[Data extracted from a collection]

================

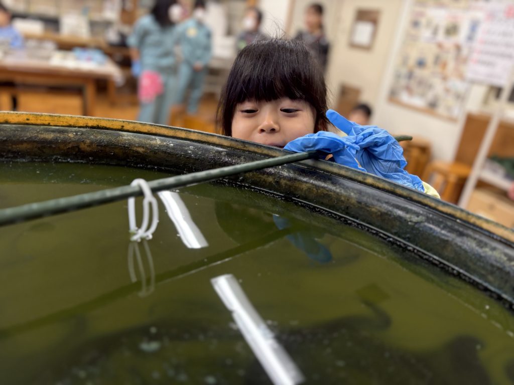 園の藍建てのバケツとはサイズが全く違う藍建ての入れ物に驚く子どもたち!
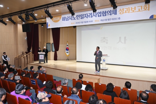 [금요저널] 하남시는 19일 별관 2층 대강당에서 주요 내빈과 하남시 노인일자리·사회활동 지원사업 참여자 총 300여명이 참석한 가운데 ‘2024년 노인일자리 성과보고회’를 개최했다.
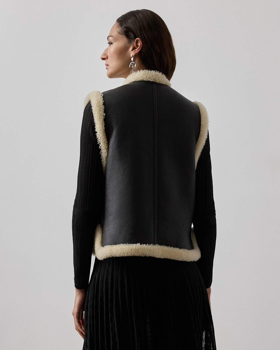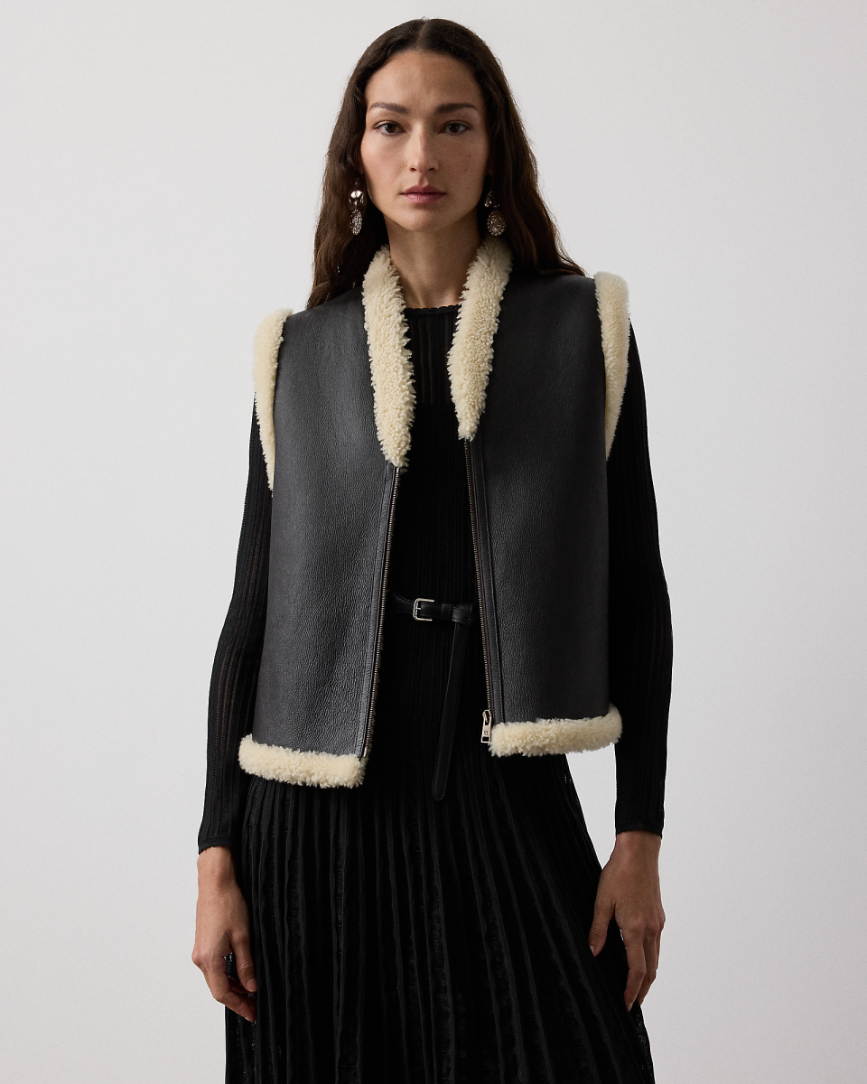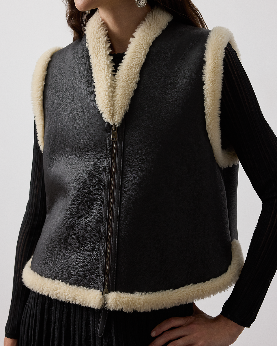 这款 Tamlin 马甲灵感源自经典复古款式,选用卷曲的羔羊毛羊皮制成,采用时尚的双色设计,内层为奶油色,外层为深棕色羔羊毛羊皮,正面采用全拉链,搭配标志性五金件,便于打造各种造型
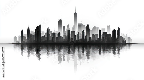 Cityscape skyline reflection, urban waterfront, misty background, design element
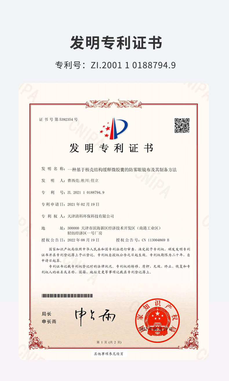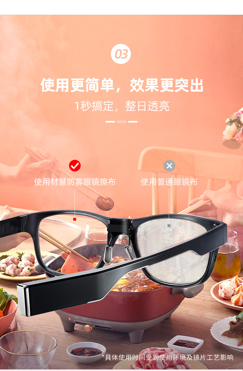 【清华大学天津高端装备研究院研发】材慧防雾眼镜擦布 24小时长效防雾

================

### Your goal:
Any picture in the data is to be skipped, while each line is returned exactly as written.

### The answer:
 園の藍建てのバケツとはサイズが全く違う藍建ての入れ物に驚く子どもたち!
 [금요저널] 하남시는 19일 별관 2층 대강당에서 주요 내빈과 하남시 노인일자리·사회활동 지원사업 참여자 총 300여명이 참석한 가운데 ‘2024년 노인일자리 성과보고회’를 개최했다.
 这款 Tamlin 马甲灵感源自经典复古款式,选用卷曲的羔羊毛羊皮制成,采用时尚的双色设计,内层为奶油色,外层为深棕色羔羊毛羊皮,正面采用全拉链,搭配标志性五金件,便于打造各种造型
 Cityscape skyline reflection, urban waterfront, misty background, design element
 【清华大学天津高端装备研究院研发】材慧防雾眼镜擦布 24小时长效防雾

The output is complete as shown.